家わけ醍醐寺文書は既に九冊を刊行し、なお継続中であるが、それとは別に同寺所蔵の満済准后日記の紙背文書を別集として刊行した。
同日記は自筆原本が応永十八年正月より永享七年四月まで現存し、そのうち応永二十九年十二月までを載せる国立国会図書館架蔵の十一巻は、具注暦の裏面に記されて紙背文書をもたない。この別集に収めるのは、応永三十年以後を載せる同寺所蔵三十六冊の冊子本の紙背文書である。
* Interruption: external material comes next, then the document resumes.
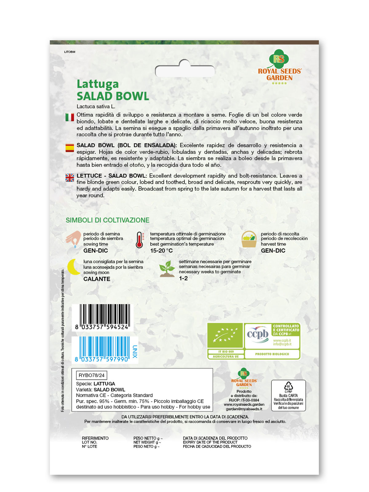 Lattuga Salad bowl – Ottima rapidità di sviluppo e resistenza a montare a seme. Foglie di un bel colore verde biondo, lobate e dentellate larghe e delicate, di ricaccio molto veloce, buona resistenza ed adattabilità. La semina si esegue a spaglio dalla primavera all’autunno inoltrato per una

この分については、ほとんどの用紙が紙背をもち、総点数は二千通近くに達するものと推定される。ただし日記に利用するに際しての裁断、および配列の著しい不連続性、さらに編纂に原本を利用できなかったという事情も加わって、文書の原状を復元し得ないものが多かった。
内容的には満済自身の自筆文書と、他から彼に充てられたものに大別されるが、前者には文字の塗抹もなく、あるいは他に充てられた後、満済の許に返却された正文ではないかと想像されるものも若干存在したが、もとより確証なく、文書名はすべて土代とした。後者では満済のあと座主職をつぐ宝池院義賢の大量の書状が目立ち、恐らく特定の個人から特定の個人に充てられた中世文書としては、現存最多なものと考えられる。何れも京都法身院在住の義賢から、醍醐入寺中の満済に充てたものである。その他では地蔵院持円、実相院増詮(義運)、聖護院道意、浄土寺持弁、随心院祐厳ら、何れも将軍義教の護持僧グループのものが多く、この紙背以外に自筆文書の存在が知られていないものも少くない。
表日記との関連についていえば、意外に関係する記事が少く、この日記が個人的な音信、往来等の記事をほとんど載せない公的日記の色彩が強いことを推定させる。
なおこの別集は、古文書部が特に中世史料部(第七編)の協力を得て編纂した。